REVIEW EPIPHONE 50TH ANNIVERSARY MODELS
EPIPHONE ZEPHYR DELUXE REGENT, SHERATON, CRESTWOOD CUSTOM & WILSHIRE £1,429, £1,429, £1,049 & £899
CONTACT Epiphone PHONE 00800 444 2766 1 WEB www.epiphone.com
As you will have gleaned from Tony Bacon’s excellent history of Epiphone on page 62, while the Stathopoulos musical-instrument-making dynasty took root in 1873, Epiphone didn’t evolve into a bona fide guitar manufacturer until 1928. The four instruments you see here straddle what we might term the company’s ‘golden era’, from the 40s to the 60s. They also mark the change from an independent builder of primarily archtop jazz guitars, to a purveyor of thinline and solidbody blues, pop and rock machines now under the auspices of guitar giant Gibson. And while the Sheraton is clearly a member of that company’s fabled ES-300 family, the other three are purely Epiphone designs.

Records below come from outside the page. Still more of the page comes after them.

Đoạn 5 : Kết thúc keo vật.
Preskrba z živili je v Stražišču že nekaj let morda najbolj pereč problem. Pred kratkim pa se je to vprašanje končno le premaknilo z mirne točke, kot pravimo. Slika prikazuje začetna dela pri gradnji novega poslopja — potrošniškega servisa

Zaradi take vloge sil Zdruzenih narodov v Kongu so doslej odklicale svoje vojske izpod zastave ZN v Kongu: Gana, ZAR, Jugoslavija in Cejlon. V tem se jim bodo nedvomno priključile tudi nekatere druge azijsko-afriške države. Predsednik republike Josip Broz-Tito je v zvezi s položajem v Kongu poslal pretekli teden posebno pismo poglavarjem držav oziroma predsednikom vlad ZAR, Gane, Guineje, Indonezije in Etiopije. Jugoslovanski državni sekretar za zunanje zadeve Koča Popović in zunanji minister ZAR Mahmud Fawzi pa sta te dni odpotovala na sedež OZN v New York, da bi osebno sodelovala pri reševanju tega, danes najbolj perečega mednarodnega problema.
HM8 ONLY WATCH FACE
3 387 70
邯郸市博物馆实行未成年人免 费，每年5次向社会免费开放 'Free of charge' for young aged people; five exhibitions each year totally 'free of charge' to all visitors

The Zephyr Deluxe Regent was an important product for Epiphone and – alongside models like its gigantic (470mm/18.5-inch) brother the Emperor Zephyr Regent, the Broadway and various Masterbilt models – was aimed directly at similar Gibson archtops at various size and price points.

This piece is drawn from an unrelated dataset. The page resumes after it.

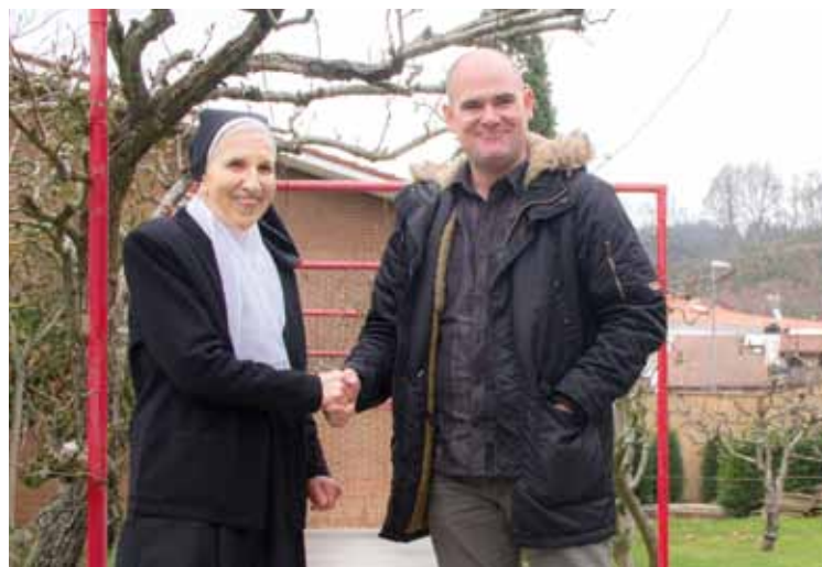
Aginagalde eta Elkoro komentuar duen lorategian, eguenean.

Agustindarrendako ez zen samurra izan Aretxabaletatik Errenteriarra joateko erabakia hartzea. Eta bizitzaren urte erdiak baino gehiago Aretxabaletan pasatu ondoren, nekez ahaztuko dituzte bertan bizitakoak. Orain, "pozik" doaz, ondarea herriari utzita.
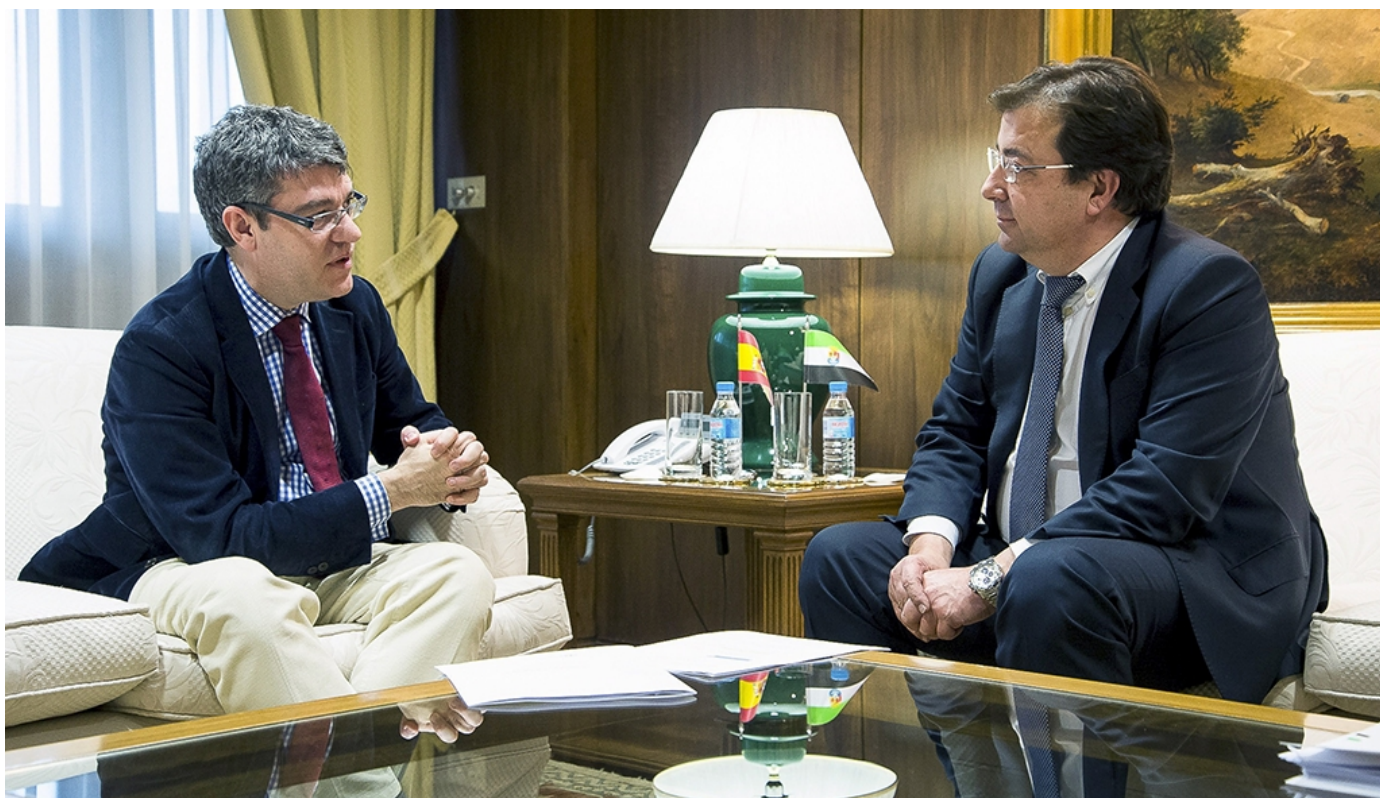
El ministro Álvaro Nadal (i), y el presidente de la Junta de Extremadura, Guillermo Fernández Vara (c)

The Indonesian-built 150th reissue faithfully celebrates the 1948 original, with its 444.5mm (17.5-inch) laminated maple body, five-piece mahogany and maple neck, ebony fingerboard with imposing mother-of-pearl ‘cloud’ inlays, all topped off by a large headstock with delightful ‘tree of life’ decoration, also in pearl. Electronically, it’s a far more intuitive affair than that aforementioned sibling with its triple pickups and mind-blowing array of switches, simply featuring twin Epiphone New York mini-humbuckers, two volume controls, two tones (both CTS), and a three-way Switchcraft pickup selector and output jack. The faux a bit of Art Deco, their built-in ‘pointers’ showing where your controls are set. Those pickup surrounds, too, look like they’ve sat in jazz bars for hours soaking up cigar smoke to turn them a nicotine-stained dusky yellow.